Chief Data Officer, Absa Bank Kenya
Hartnell Ndungi was the first Chief Data Officer to be appointed in East and Central Africa. In the banking and financial services sector, he has been able to master the development and execution of key data and digital strategies for large financial institutions.
He is Absa Kenya’s Chief Data Officer and he leads the bank’s data science, data governance, BI and analytics teams. Previously, he worked as a senior data consultant, providing advisory and analytics services to governments, banks, insurance firms and telecoms companies. He has also led and set up data teams for top banks in the region.
With a deep understanding of AI, data management and digital transformation, Ndungi seeks to ensure that organizations are able to set up dynamic data teams, understand the data they hold, harness actionable insights and deliver key use cases that drive profitability, operational efficiency, growth and transformation.
He holds a master’s degree in analytics from Georgia Institute of Technology, an executive data science specialization from Johns Hopkins University and a degree in electrical and electronics engineering from Moi University.
Getting to know...
Our research suggests that 82% of analytics leaders believe that enterprises that don’t embrace AI will lose market share to their competitors within five years. What are your thoughts on this?

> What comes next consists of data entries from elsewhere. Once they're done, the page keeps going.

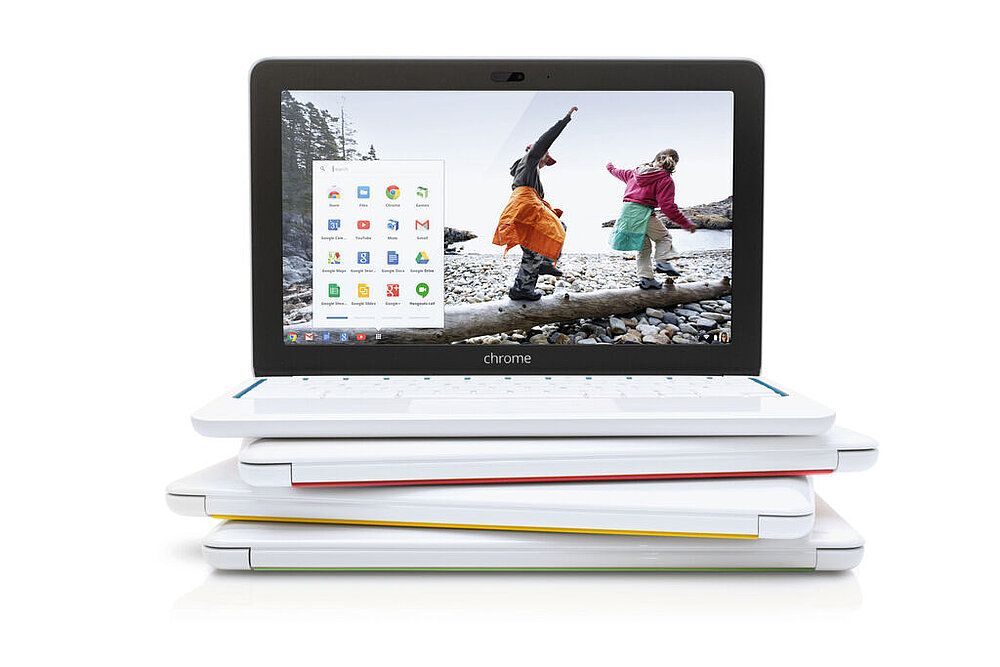 The Chromebook 11 is designed to convey elegance and simplicity. It weighs merely 1 kg, has a battery run time of six hours and can thus be easily taken along anywhere. There are no sharp edges pressing against the wrists while typing, and the device does without cooling fans, thus allowing the laptop to run quietly during operation. The screws and speakers are concealed in the magnesium housing so that the device displays a seamless design.
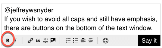 If you wish to avoid all caps and still have emphasis, there are buttons on the bottom of the text window.
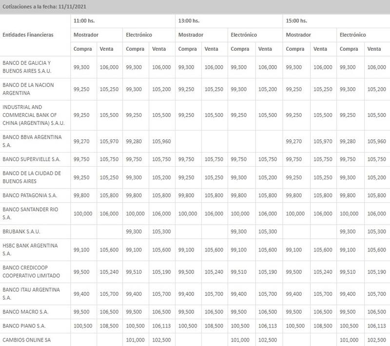 En tanto, cerró en $ 99,47 para la compra y en $ 105,79 para la venta en el promedio de las entidades financieras que releva el Banco Central (BCRA), mostrando otro leve avance en relación al cierre previo.
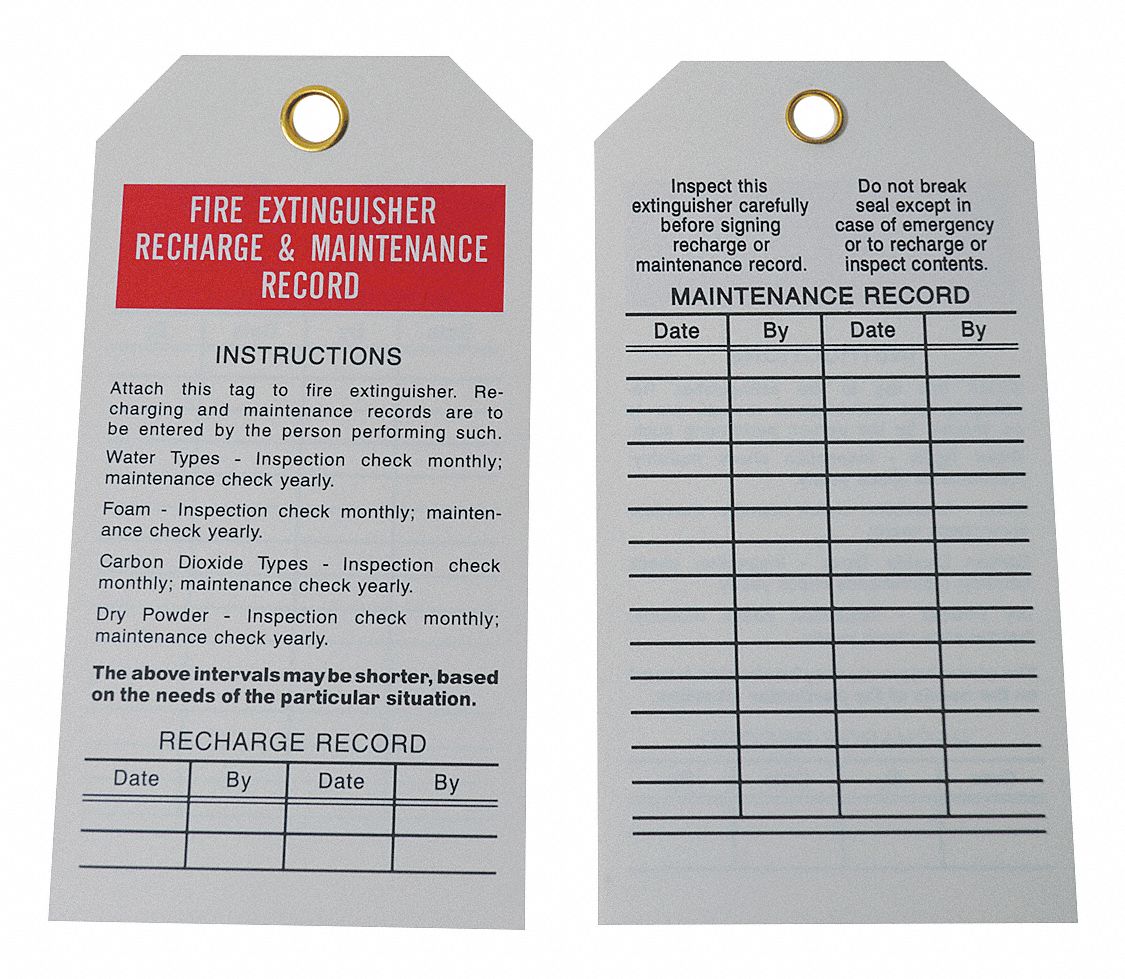 These Tags Provide Information About The Extinguisher's Maintenance And Inspection.

This is totally correct for organizations in the financial services, retail and manufacturing sectors. AI technologies have unlocked new capabilities which improve customer experience, operational efficiency, business penetration, fraud prevention and access to new market ecosystems. Companies that adopt these technologies are able to gain competitive edges in their service offerings and customer retention strategies, which set them apart from their competitors.
Getting familiar with and embracing these technologies is, however, just one aspect to deriving value from AI. Hiring qualified resources, identifying correct business problems, prioritizing use cases, iterating delivery and implementing impactful change management initiatives are other prerequisites to gaining the competitive edge.
Ensuring good data quality is still a challenge many organizations wrestle with. Why do you think this is?
Most companies seek to tackle data quality by reconfiguring data entry points and launching ad hoc data cleanup programs. But no data quality initiative can be successful without proper data governance.
Data quality assessment and remediation projects are most effective when done in a structured, governed environment. This involves having qualified data owners for all data domains in an organization and appointing experienced data stewards who are hands-on to solve data management and quality issues.
Other ownership roles that work closely with owners and stewards are subject matter experts, business stakeholders and senior executives.
A proper oversight structure for data should also be in place to provide support, governance and approval. A monthly data governance council and a biweekly working group are usually sufficient for most organizations.